Одной из проблем, обсуждавшихся в этой связи мною и моими гостями, была принадлежность ЕГ к «элите» бывшего СССР, его персональная наследственность и — предположительно унаследованные им от предков (вместе с генами и всем тем, что принято наследовать) — представления о морали и нравственности. В дискуссии промелькнула даже фраза о том, что, мол, соратники ЕГ ощущали себя рядом с ним — по их собственным словам — «крестьянскими детьми на барской усадьбе Гайдара». Мне кажется, это — чрезвычайно важный момент. Он может даже оказаться ключевым не только для решения загадок личности самого ЕГ, но и для рассмотрения событий недавней истории России в новом, возможно, неожиданном, свете. Это — действительно путь для серьезного исследования, и сейчас, мне кажется, важно наметить основные пункты этого пути.
Начать я хочу по своей привычке несколько издалека: а именно — с традиционных представлений о социальной стратификации в той культуре, в которой выросли мы все, независимо от нашего этнического происхождения, т. е. в культуре индо-европейской. При этом сразу хочу оговориться, что бОльшая часть того, что верно для нее, применимо также и к подавляющему большинству остальных традиционных культур Старого Света с некоторыми, как правило незначительными, поправками. Поскольку речь у нас шла об элитах, я совсем было уж собралась писать о том, как они формировались в рамках культурной индо-европейской традиции, каковы были их права и обязанности, как вдруг поняла, что в данном случае начинать нужно совершенно с другого. С противоположного конца. С тех, кто в традиционных обществах изгонялся за пределы социума, лишался не только права принятия решений общественного значения, но и, подчас, права распоряжения собственной жизнью и составлял так называемый слой «неприкасаемых» (или их аналоги в других культурах). Почему я начинаю именно отсюда, надеюсь, станет ясно по ходу дела, а пока рассмотрим это явление поближе. Оно, в отличие от элит, не пользовалось популярностью как объект изучения в традиционной антропологии, и заниматься им всерьез начали лишь сравнительно недавно.

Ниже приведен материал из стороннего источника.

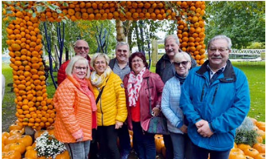
Die Ehemaligen mit Partner beeindruckte die Kürbisausstellung.

Heute werden das Gelände und die Gebäude von der Hochschule genutzt. Nach einem Besuch der sehenswerten Legoausstellung erfolgte bei noch schönem Wetter der Rundgang über das Gartenschau Gelände. Beeindruckt waren die BSBD -Besucher über die Kunstwerke der aktuellen Kürbisausstellung. Nach einem teilweise originalen pfälzi-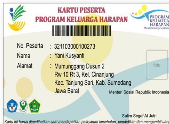
KARTU PKH LAMA (PESERTA PKH 2007 - 2011)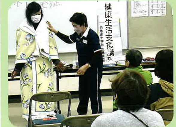
2月22日(木) 社協・民児協合同研修会 両手を自由にするために毛布でガウンを作る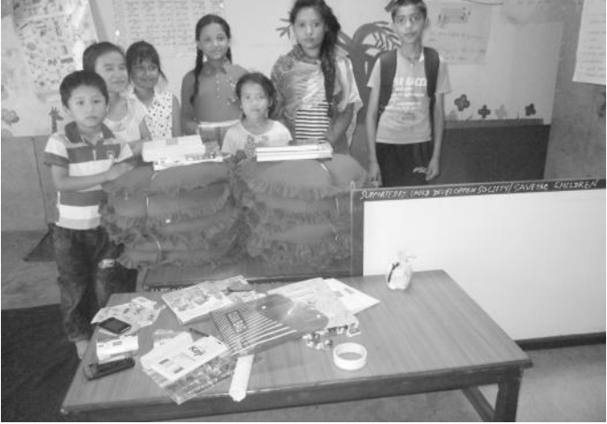
शंखमूलस्थित कोचिङ कक्षाको सामग्री हस्तान्तरण पछिको तस्विर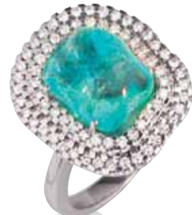
Aus der Kollektion „Sculptures“ stammt dieser Ring aus 18 Karat Weißgold mit Paraiba-Tourmalin und Brillanten.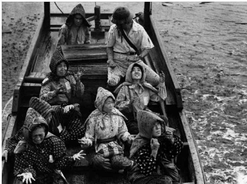
« Kuroi ame », sorti en 1989, raconte la vie d'une famille contaminé par la pluie noire radioactive après le bombardement atomique d'Hiroshima en 1945. À voir à la Cinémathèque, le 10 janvier à 20h30.

Nora entre en primaire lorsqu'elle est confrontée au harcèlement dont son grand frère Abel est victime. Tirillée entre son père qui l'incite à réagir, son besoin de s'intégrer et son frère qui lui demande de garder le silence, elle se trouve prise dans un terrible conflit de loyauté.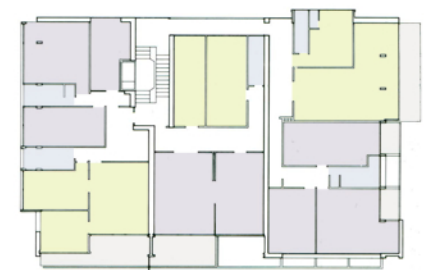
Pianta piano Tipo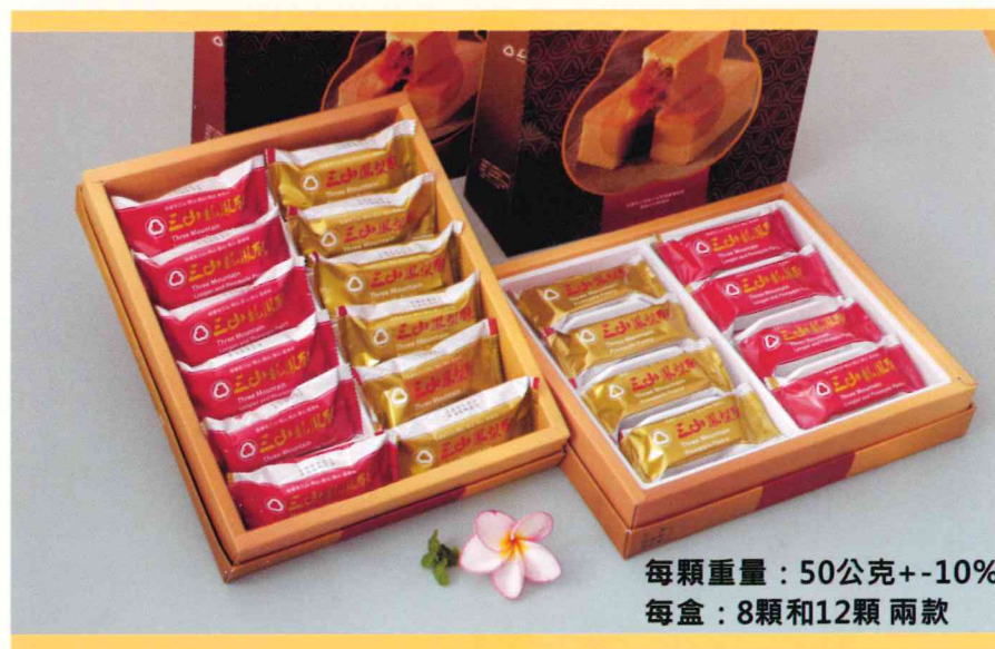
每顆重量：50公克+-10% 每盒：8顆和12顆兩款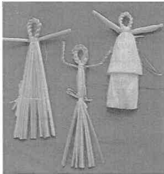
Babatánc. Vitéz néni minden babája kincs, kedves játék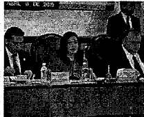
Aurora Aguilar recibe al Gobernador del Banxico y al Presidente de la CNBV 9 de abril - 2015 - 6:26 am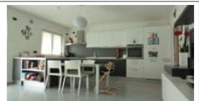
B086: RONCAFORT: RECENTISSIMO CASA-CLIMA "A", ampio bicamere con giardino/lavatoio a circondare i tre lati; ingr., soggiorno con zona pranzo e cucina, ampio disimpegno arredabile, doppi servizi, stanza matrimoniale, stanza doppia, garage, Cl. En. A € 235.000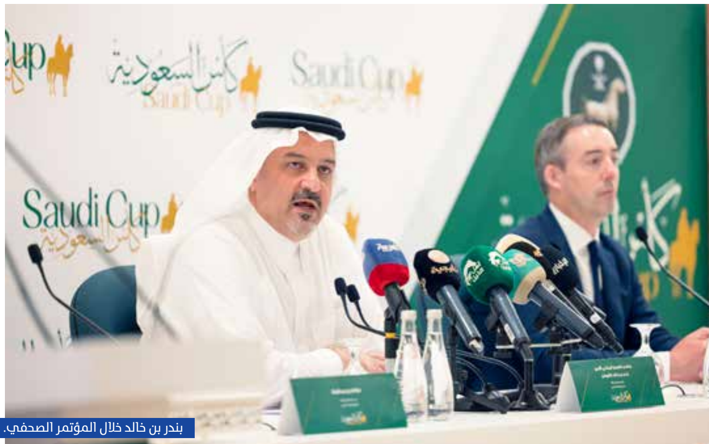
بندر بن خالد خلال المؤتمر الصحفي.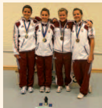
A junior csapat

Legnagyobb örömeinkre nem így volt, csak rosszul írtunk fel egy pontszámot, s az egykötteles versenyszámokban a harmadik legjobb eredményt elérve, a mórahalmi csapat tagjai felállhattak a dobogóra. Óriási öröm volt. Fent álltak a dobogón a nemzeti válogatott melegítőben Európa legjobbjaival , s gyönyörű érmet akasztottak a nyakukba. Abban a pillanatban elfelejtettünk minden kint, a rengeteg munkát, nehézséget, csak azt éreztük, hogy megérte, lett eredménye a sokszor emberfeletti energia befektetésnek,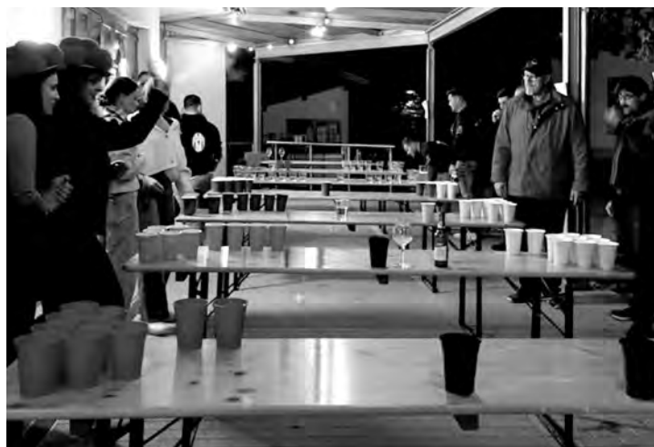
Gute Stimmung beim Bierpongturnier

Nach packenden Duellen in der Vorrunde ging es in die K.O.-Runde über, wo die Spannung weiter stieg. Das große Finale war der Höhepunkt des Abends: Mit viel Einsatz und Spielfreude sicherten sich die „Hopfenhelden“ den ersten Platz.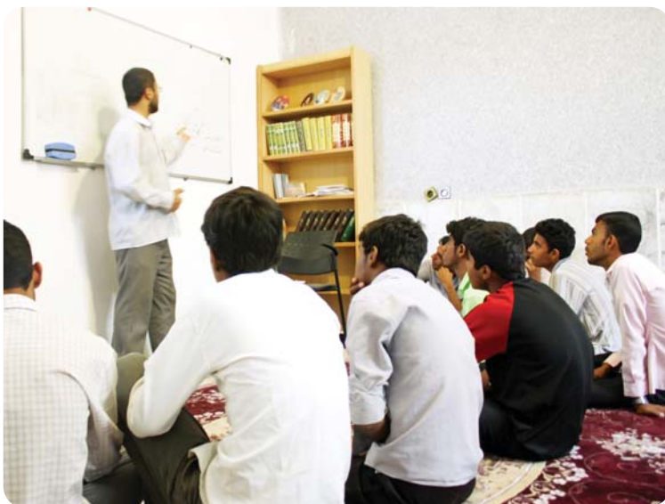
روستای کوه‌حیدر، کلاس صهبا، برادران دبیرستانی

مرکز صهبا با هدف نشر و گسترش منویات مقام معظم رهبری در موسسه جهادی فعالیت می‌کند و کارگروه صهبا نیز زیرمجموعه این مرکز است. این کارگروه اقدام به تدوین محتوای طرح درس برای هر اردو و سازماندهی تعدادی از اعضای مؤسسه جهت تدریس این محتوا نموده است. محتوای مزبور با سه محور اصلی که عبارت بودند از مباحث مطرح شده در پیام‌ها و سخنرانی‌های مقام معظم رهبری پیرامون موضوعات ولایت و حکومت و زندگی سیاسی - مبارزاتی ائمه معصومین (ع) و خلاصه‌ای از زندگینامه مقام معظم رهبری تدوین گردید و به‌طور متوسط در طی شش جلسه برای خواهران و برادران روستایی تدریس شد.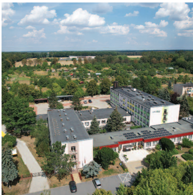
Siedziba Lubuskiego Ośrodka Doradztwa Rolniczego w Kalsku

Tym, co wyróżnia LODR, jest przede wszystkim odradzające się na terenach południowo-zachodniej Polski winiarstwo. Obecnie w regionie istnieje około 54 winnic. Słowo „około” nie jest przypadkowe, gdyż być może właśnie teraz powstają i rejestrują się kolejne winnice.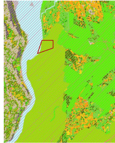
Mynd 1 – Hluti vistgerðarkorts NÍ – rauður rammi sýnir Árhraun 3

Deiliskipulagssvæðið tekur til lands Árhrauns lóðar 3 en allmargar lóðir hafa verið stofnaðar úr landi Árhrauns. Lóðin er 16,4 ha að stærð skv. lóðablaði. Aðkoma að Árhrauni 3 er um heimreið að Ólafsvallar bæjunum og áfram um veg sem liggur að Árhraunslóðum (sjá nánar). Landið er á Þjórsárhraunum, sem eru talin hafa runnið fyrir um 8600 árum og liggja undir stórum hluta sveitarfélagsins. Svæðið er nánast algróið en hraun stendur upp úr á stöku stað og víðast hvar er stutt niður á hraun. Í vistgerðarkortlagningu Náttúrufræðistofnunar er svæðið skilgreint sem mólendi.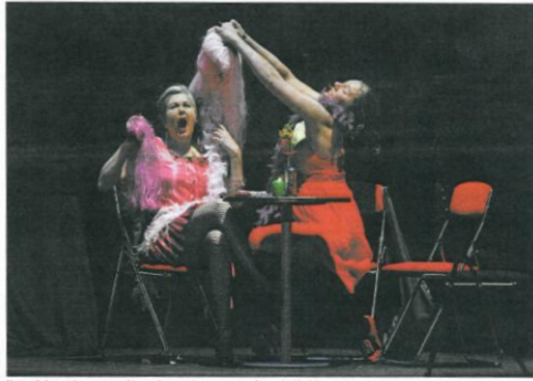
Un par de las actrices que se subieron al escenario para apoyar a la asociación Adaceco.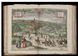
LIVRES - JOUETS mai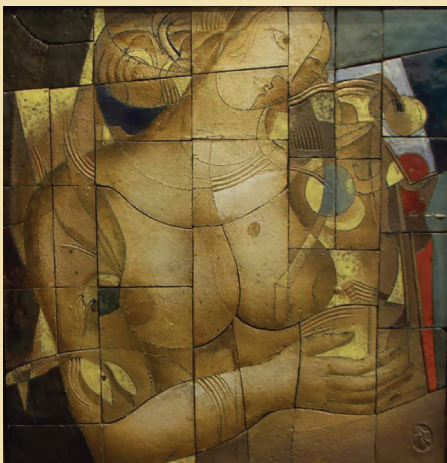
Осенний день. 1995. Шамот, глазури, эмали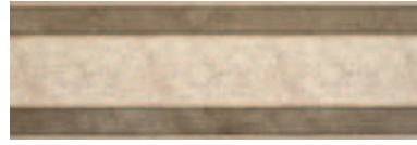
20216695 PANDORA DEC-2 CHOCOLATE 20x60cm. RV183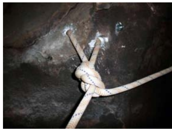
Ilustración 7 Abalakov, falta un cordino para dejar bien la instalación.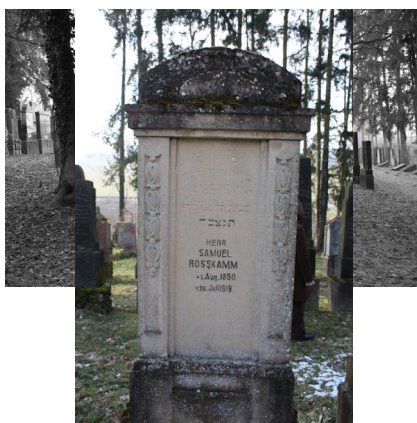
Jüdischer Friedhof Ichenhausen.

Schändungen: Anfang Mai 1929, wobei die Bretterumzäunung teilweise niedergerissen und zehn Grabsteine zerstört wurden, sowie im Gefolge des Novemberpogroms 1938, als die Täter Hunderte von Grabsteinen umwarfen und dabei viele zerbrachen.

Хочу еще раз подчеркнуть: речь идет не о слугах или ремесленниках, занимавшихся «грязной» работой (кузнецах, гончарах и т. п.), а о людях, вообще вынесенных за пределы социума: о тех, кому не позволялось селиться в пределах человеческих поселений, брать воду из общественных колодцев и уж тем более — появляться в общественных местах иначе, как для исполнения своих обязанностей, в особой, отличающей их, одежде и со всеми необходимыми предосторожностями для того, чтобы не осквернить ничего своим присутствием. Тема, это, естественно, огромная, но для нас важнейшими являются два фактора: происхождение этого социального слоя и занятия, которые им предписывалось исполнять.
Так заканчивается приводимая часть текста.